Sen. Shelley Moore Capito, R-W.Va., said she has not seen any legislative text yet for her chamber’s bill. The lawmaker represents a Medicaid expansion state where the opioid epidemic has hit hard. She’s among the GOP lawmakers looking for a gradual end to the Medicaid expansion, which has helped many states get more people into treatment for narcotic addictions. Moderates want a seven-year phaseout.
“I’d phrase it as a seven-year transitional period either to Medicaid or to coverage that’s as good as the Medicaid coverage that folks are on,” Capito said Wednesday. “I’ve said repeatedly I don’t want to drop anybody off, so I’m not phasing anybody out from anything.”
The process of drafting a bill appears to be taking longer than GOP leaders had estimated, with even some Republican senators confused about the current state of play. Sen. Rand Paul, R-Ky., said senators were told at the Wednesday lunch that the full bill has not yet been sent to the Congressional Budget Office.

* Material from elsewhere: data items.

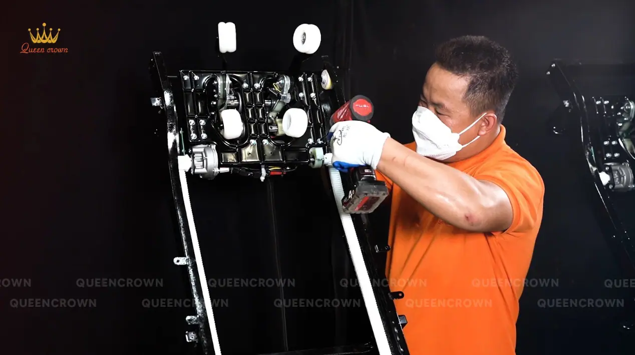 - Kỹ thuật viên của Queen Crown sẽ tiến hành kiểm tra toàn diện ghế massage, tập trung vào các bộ phận quan trọng liên quan đến chế độ không trọng lực như khung SL-Track, motor, cảm biến và hệ thống điều khiển.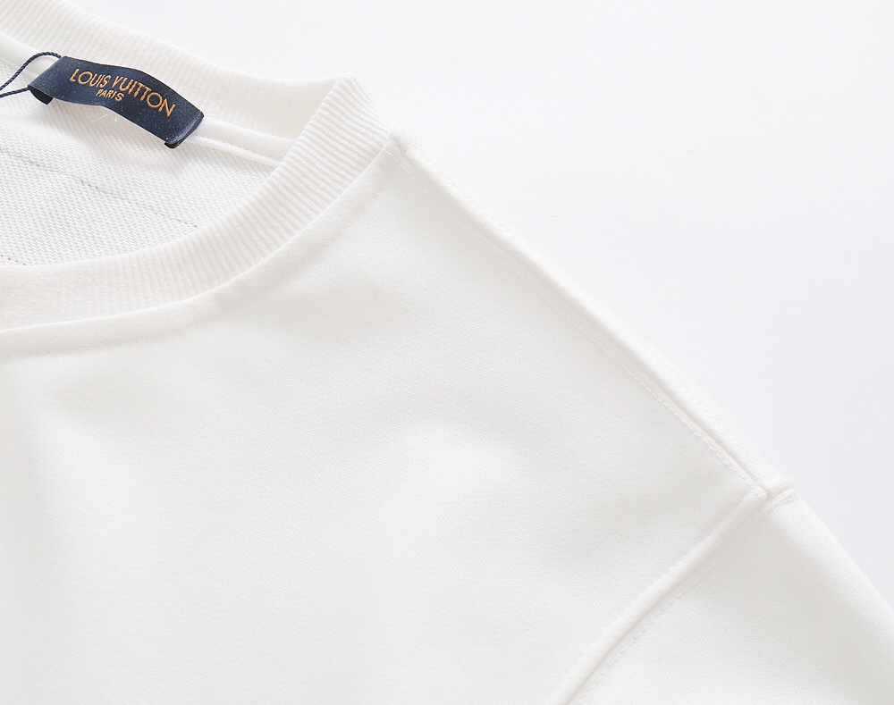このルイ・ヴィトンのホワイトスウェットシャツは、シンプルなデザインにブランドのモダンなロゴが映える一着です。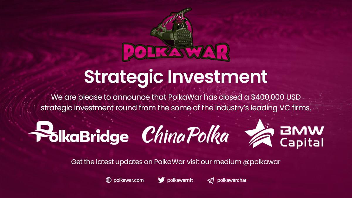 SINGAPORE, May 26, 2021 (GLOBE NEWSWIRE) -- PolkaWar, an upcoming NFT-based fighting game, announces that the company has secured $400,000 in funding from the strategic partners at ChinaPolka, BMW Capital and PolkaBridge in an exclusive private-sale round, which was conducted earlier this month.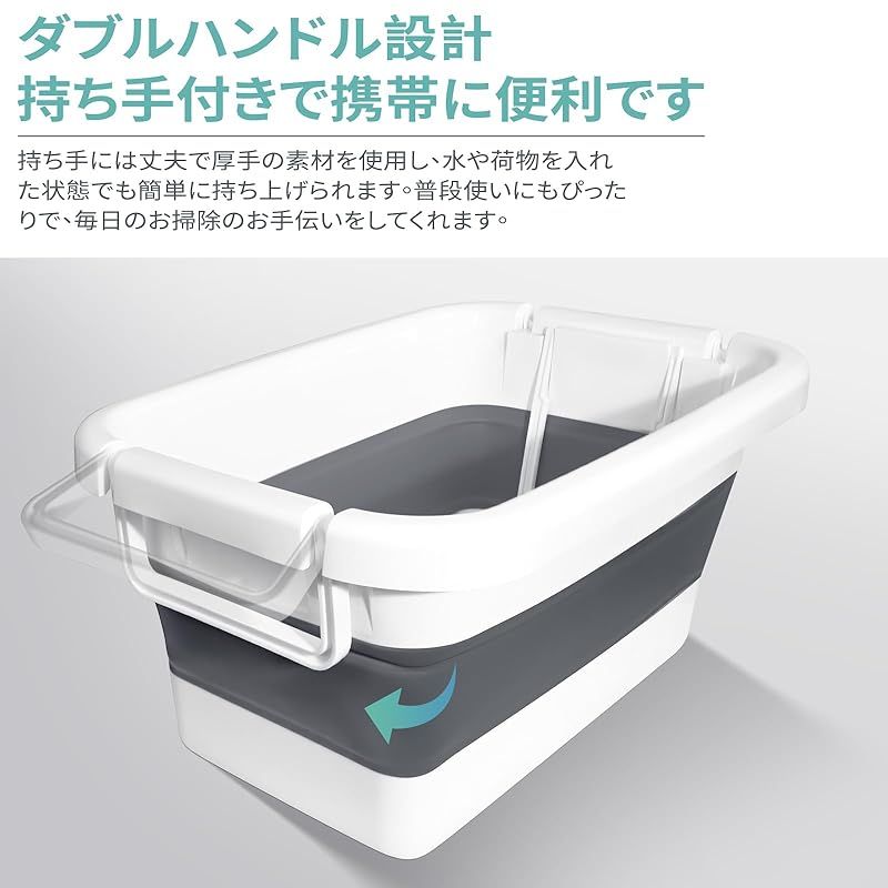 【持ち手付きで持ち運びに便利】この折りたたみバケツはハンドル付き、持ち運びやすいデザインです。女性の携帯に適しています。人間工学に基づいたデザインで、ハンドルが長く、接触面積が広く、手への圧力を低減します。水や荷物を持っていっても、一人で簡単に運べます、日常の清掃作業も楽々対応。

“That question was asked directly because we get a little concerned when we hear from people that it’s already gone to CBO,” Paul said.
Although Republicans had hoped to vote on the measure by the Fourth of July recess, leadership has been careful to avoid setting any concrete deadlines.
“Our goal here is to move forward quickly. The status quo is unsustainable. We all know something has to be done. Something has to be done soon,” Senate Majority Leader Mitch McConnell of Kentucky said. “We’re working hard to get there.”
Andrew Siddons and Sandhya Raman contributed to this article.